▸ Supplied material

=======

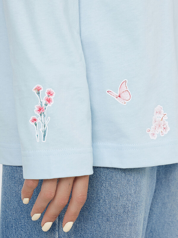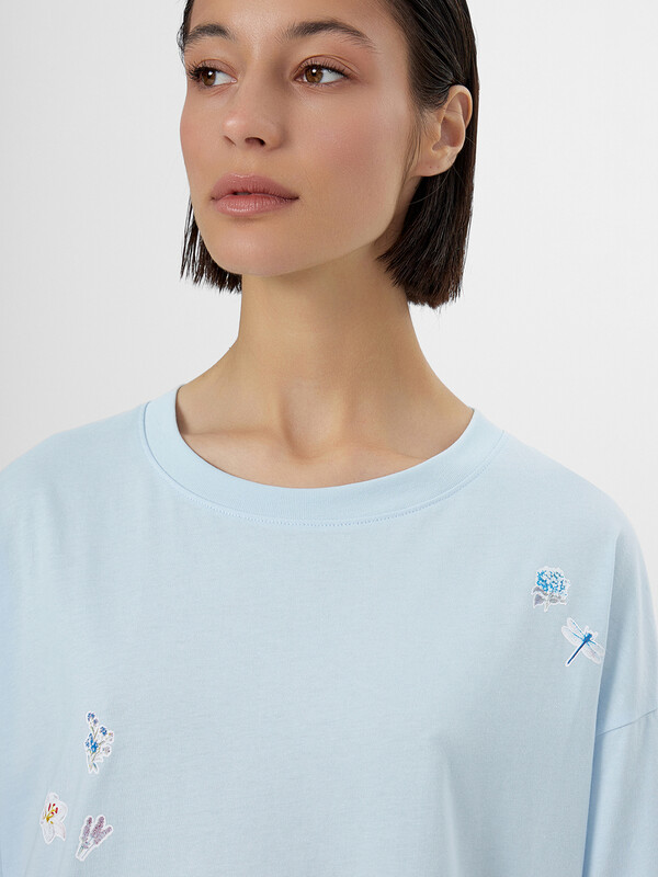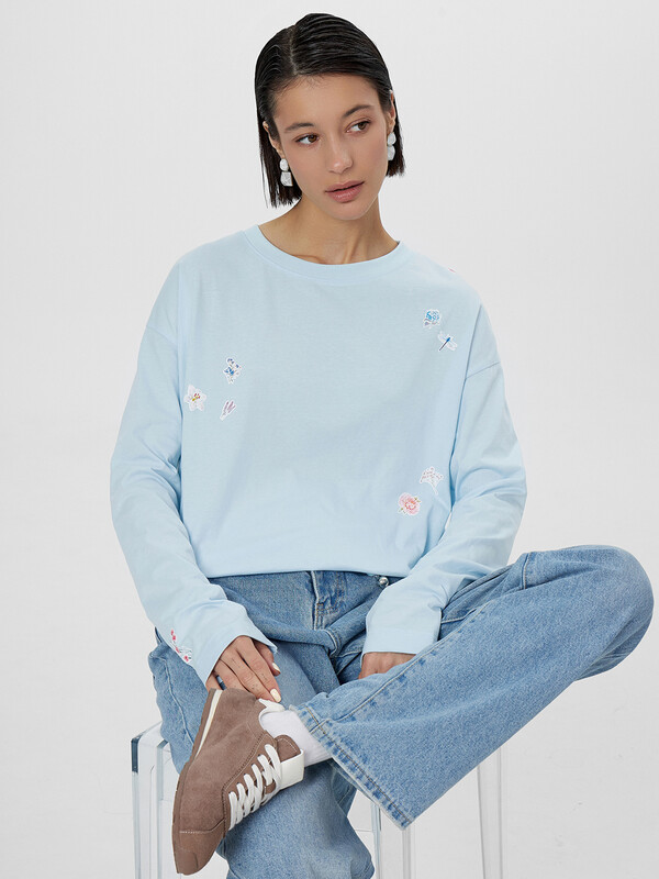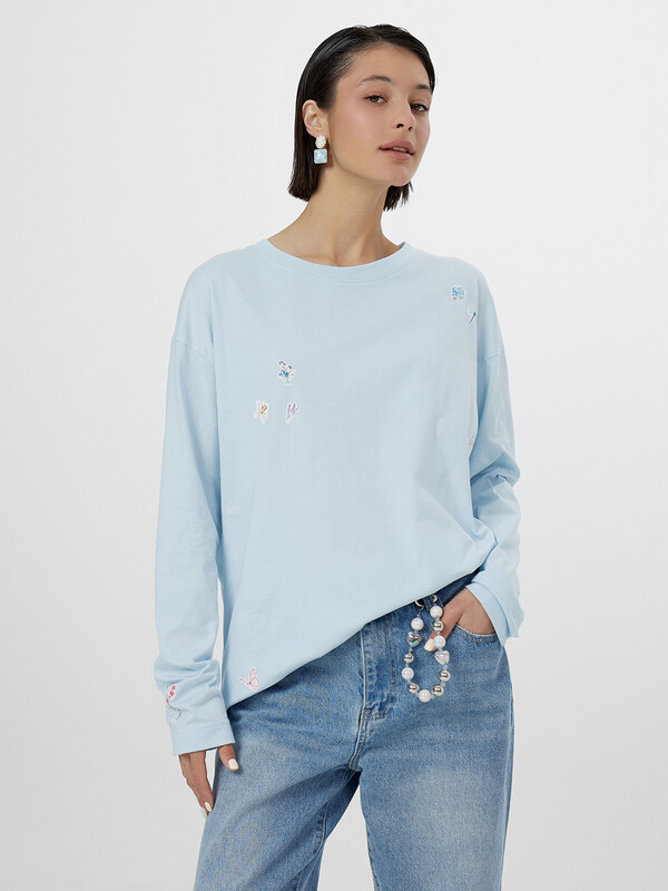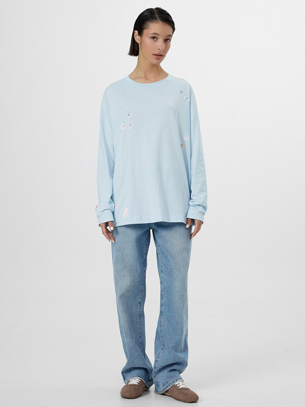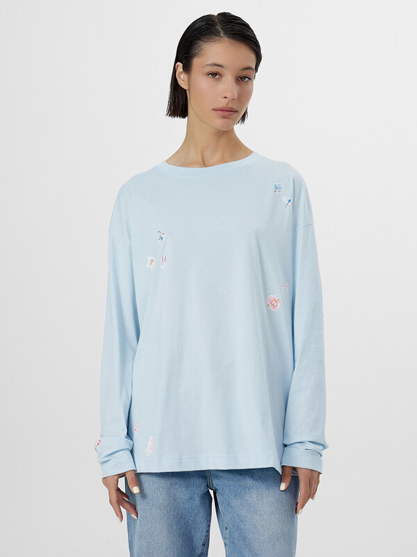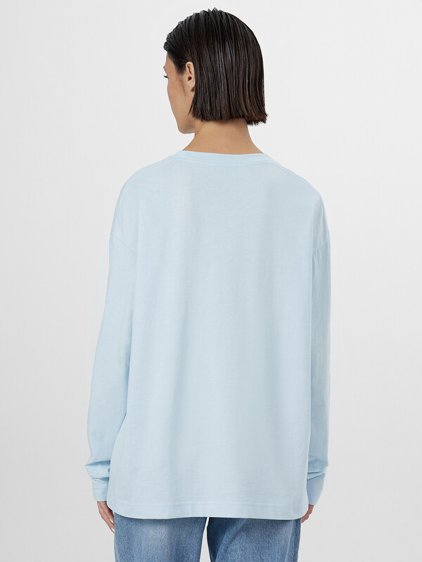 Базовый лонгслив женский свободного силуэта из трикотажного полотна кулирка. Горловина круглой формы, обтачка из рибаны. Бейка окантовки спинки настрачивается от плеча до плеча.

=======

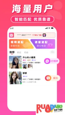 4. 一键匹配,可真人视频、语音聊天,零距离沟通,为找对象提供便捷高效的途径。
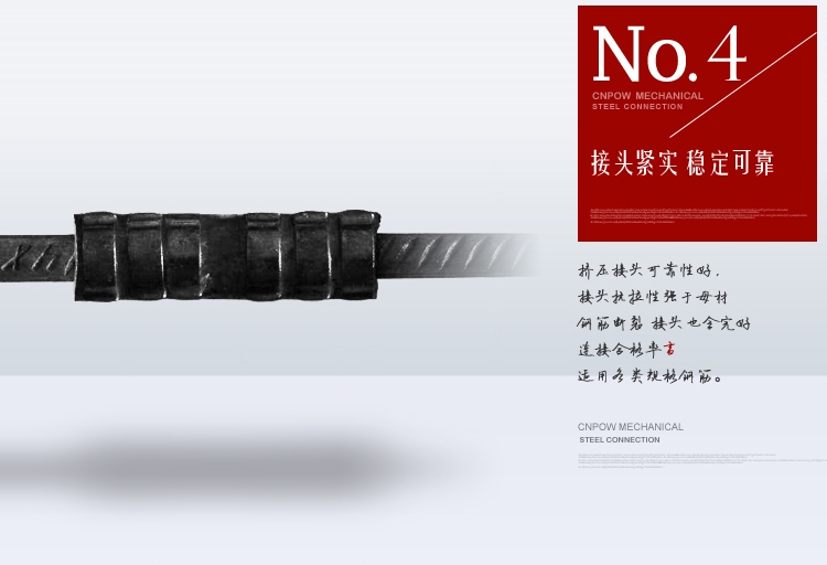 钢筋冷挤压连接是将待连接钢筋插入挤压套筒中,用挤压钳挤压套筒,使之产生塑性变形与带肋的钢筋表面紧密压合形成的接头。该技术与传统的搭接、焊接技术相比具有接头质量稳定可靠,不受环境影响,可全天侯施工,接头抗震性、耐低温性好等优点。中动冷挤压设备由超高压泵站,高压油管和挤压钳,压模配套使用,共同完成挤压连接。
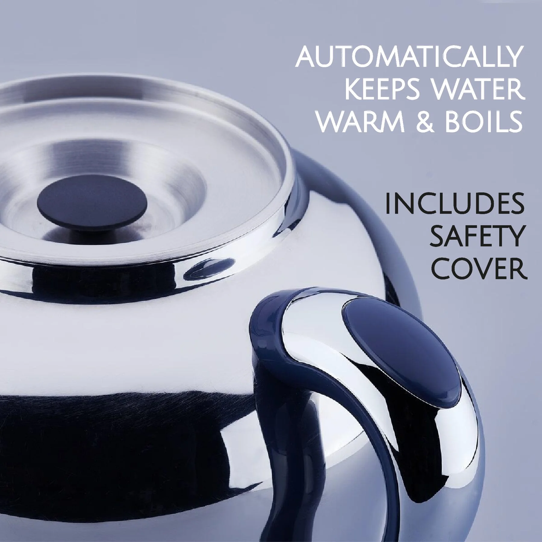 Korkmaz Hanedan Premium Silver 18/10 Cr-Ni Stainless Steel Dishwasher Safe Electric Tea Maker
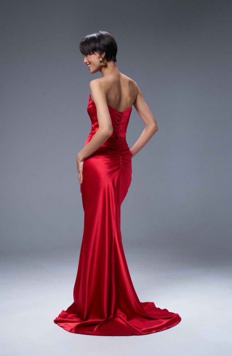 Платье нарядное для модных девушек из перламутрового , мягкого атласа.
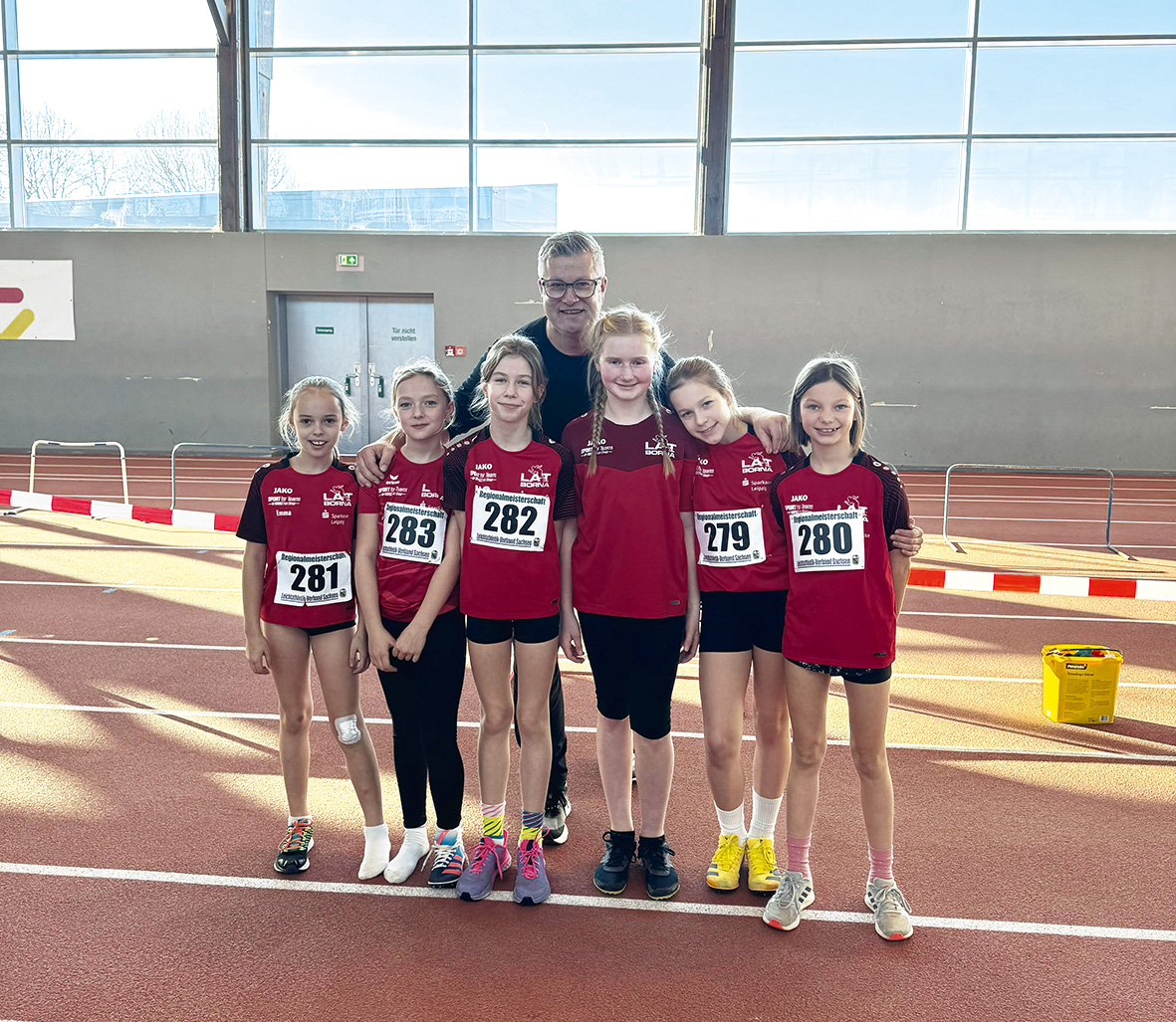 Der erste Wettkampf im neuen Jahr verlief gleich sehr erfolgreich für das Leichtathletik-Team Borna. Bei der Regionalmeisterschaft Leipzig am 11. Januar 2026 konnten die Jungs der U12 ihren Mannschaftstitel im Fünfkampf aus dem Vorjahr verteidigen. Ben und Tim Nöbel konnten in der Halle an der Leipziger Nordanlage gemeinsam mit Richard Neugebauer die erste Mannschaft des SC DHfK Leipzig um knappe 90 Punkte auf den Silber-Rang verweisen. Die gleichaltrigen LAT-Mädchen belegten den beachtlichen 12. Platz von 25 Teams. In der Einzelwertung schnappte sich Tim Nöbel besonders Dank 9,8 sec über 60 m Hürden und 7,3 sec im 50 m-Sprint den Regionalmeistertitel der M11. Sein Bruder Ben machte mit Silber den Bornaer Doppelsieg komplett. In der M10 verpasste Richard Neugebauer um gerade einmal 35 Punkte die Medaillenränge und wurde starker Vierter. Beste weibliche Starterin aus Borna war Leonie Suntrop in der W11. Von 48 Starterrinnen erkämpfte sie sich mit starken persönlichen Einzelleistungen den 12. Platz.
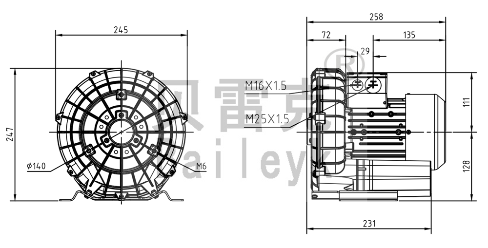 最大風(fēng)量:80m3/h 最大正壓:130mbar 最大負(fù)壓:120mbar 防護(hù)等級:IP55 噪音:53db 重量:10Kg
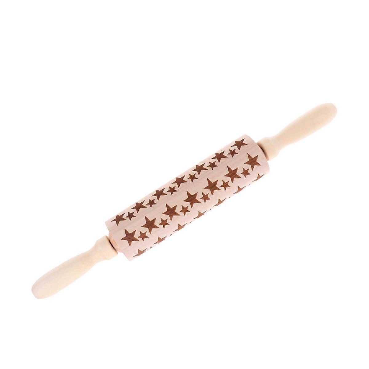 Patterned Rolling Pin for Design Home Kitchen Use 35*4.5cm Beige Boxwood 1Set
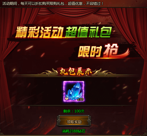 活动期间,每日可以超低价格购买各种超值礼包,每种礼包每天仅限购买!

=======

▸ Requirement
Give exactly the lines above that run from the line with "最大風(fēng)量:80m3/h 最大正壓:130mbar 最大負(fù)壓:120mbar" to the line with "活动期间,每日可以超低价格购买各种超值礼包,每种礼包每天仅限购买!", both included, leaving every picture out.

▸ Answer to this exercise
 最大風(fēng)量:80m3/h 最大正壓:130mbar 最大負(fù)壓:120mbar 防護(hù)等級:IP55 噪音:53db 重量:10Kg
 Patterned Rolling Pin for Design Home Kitchen Use 35*4.5cm Beige Boxwood 1Set
 活动期间,每日可以超低价格购买各种超值礼包,每种礼包每天仅限购买!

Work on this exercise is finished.